The topic for today is drawing random samples with replacement. If you haven’t read part 1 and part 2 of this series on random numbers, do so. In the series we’ve

discussed that

- Stata’s
**runiform()** function produces random numbers over the range [0,1). To produce such random numbers, type
. generate double u = runiform()

- To produce
*continuous* random numbers over [*a*,*b*), type
. generate double u = (*b*-a)*runiform() + *a*

- To produce
*integer* random numbers over [*a*,*b*], type
. generate ui = floor((*b*-a+1)*runiform() + *a*)

If *b* > 16,777,216, type

. generate long ui = floor((*b*-a+1)*runiform() + *a*)

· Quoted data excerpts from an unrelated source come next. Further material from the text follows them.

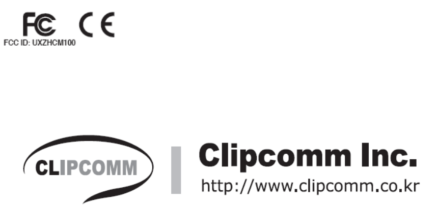 Hereby, Clipcomm, Inc. declares that this Bluetooth(M/N: HCM-100) is in compliance with the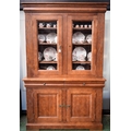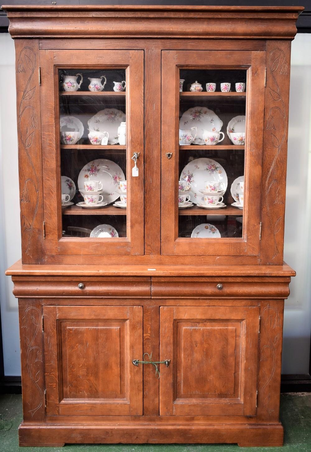 A substantial 20th century oak bookcase, outswept cornice above a pair of glazed doors enclosing three adjustable shelves, the protruding base with two short drawers above a pair of raised and fielded panel doors enclosing a shelf, shield shaped escutcheons, skirted base, 218cm high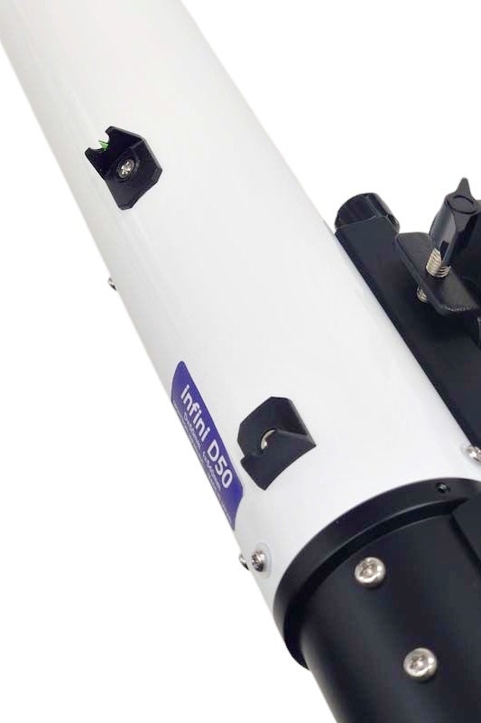 infini D50では、初心者でも直感的に使えるよう、調整不要の「オープンサイト式ファインダー」を採用しました。これは、鏡筒に固定された2つの照準用突起を使って目標を狙うシンプルな構造で、低倍率のアイピースを装着すれば、そのまま視野内に目標の天体を導入できます。望遠鏡が初めてという方でも、スムーズに操作していただけます。さらに、本格的なファインダーへのステップアップにも対応できるよう、標準でファインダー台座も装備しています。

- To place observations in random order — to shuffle observations — type
. set seed *#*
. generate double u = runiform()
. sort u

- To draw
*without* replacement a random sample of *n* observations from a dataset of *N* observations, type
. set seed *#*
. sort *variables_that_put_dta_in_unique_order*
. generate double u = runiform()
. sort u
. keep in 1/*n*

If *N*>1,000, generate two random variables u1 and u2 in place of u, and substitute **sort u1 u2** for **sort u**.

- To draw
*without* replacement a *P*-percent random sample, type
. set seed *#*
. keep if runiform() <= *P*/100

I’ve glossed over details, but the above is the gist of it.

Today I’m going to tell you

- To draw a random sample of size
*n* *with* replacement from a dataset of size *N*, type
. set seed *#*
. drop _all
. set obs *n*
. generate long obsno = floor(*N**runiform()+1)
. sort obsno
. save obsnos_to_draw
. use *your_dataset*, clear
. generate long obsno = _n
. merge 1:m obsno using obsnos_to_draw, keep(match) nogen

- You need to set the random-number seed only if you care about reproducibility. I’ll also mention that if
*N* ≤ 16,777,216, it is not necessary to specify that new variable obsno be stored as **long**; the default **float** will be sufficient.

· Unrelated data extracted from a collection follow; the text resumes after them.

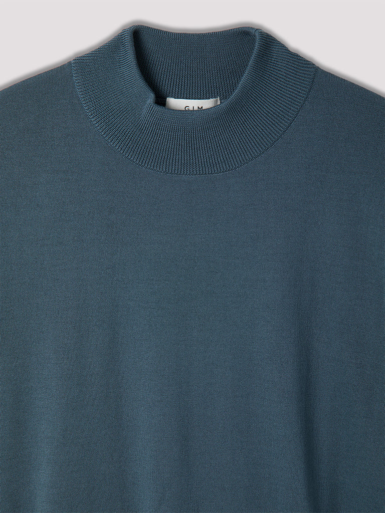 Super140's 30G Mock Neck【D.Blue】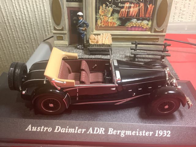 Detalles del productoRéplica a escala 1/43 del coche Austro Daimler ADR Bergmeister de 1932. Nuevo en urna. La urna especial por el tamaño, se encuentra dañada en un costado.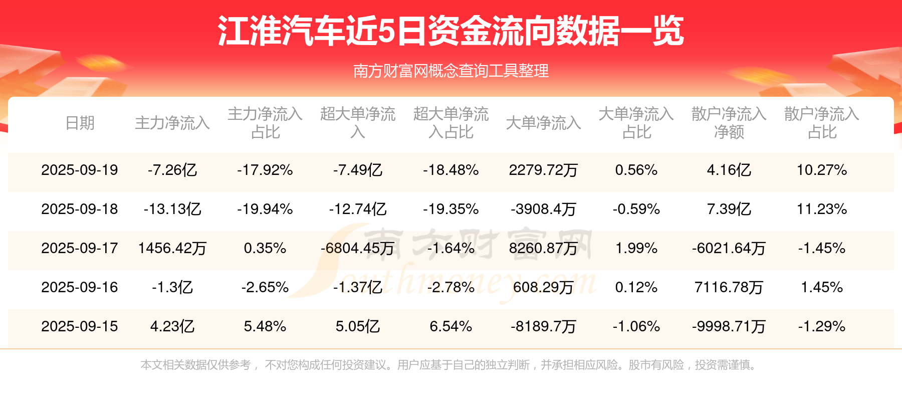 9月19日消息,江淮汽车主力资金净流出7.26亿元,超大单资金净流出7.49亿元,散户资金净流入4.16亿元。

The above solution works whether *n*<*N*, *n*=*N*, or *n*>*N*.

**Drawing samples with replacement**

The solution to sampling with replacement *n* observations from a dataset of size *N* is

- Draw
*n* observation numbers 1, …, *N* with replacement. For instance, if *N=4* and *n*=3, we might draw observation numbers 1, 3, and 3.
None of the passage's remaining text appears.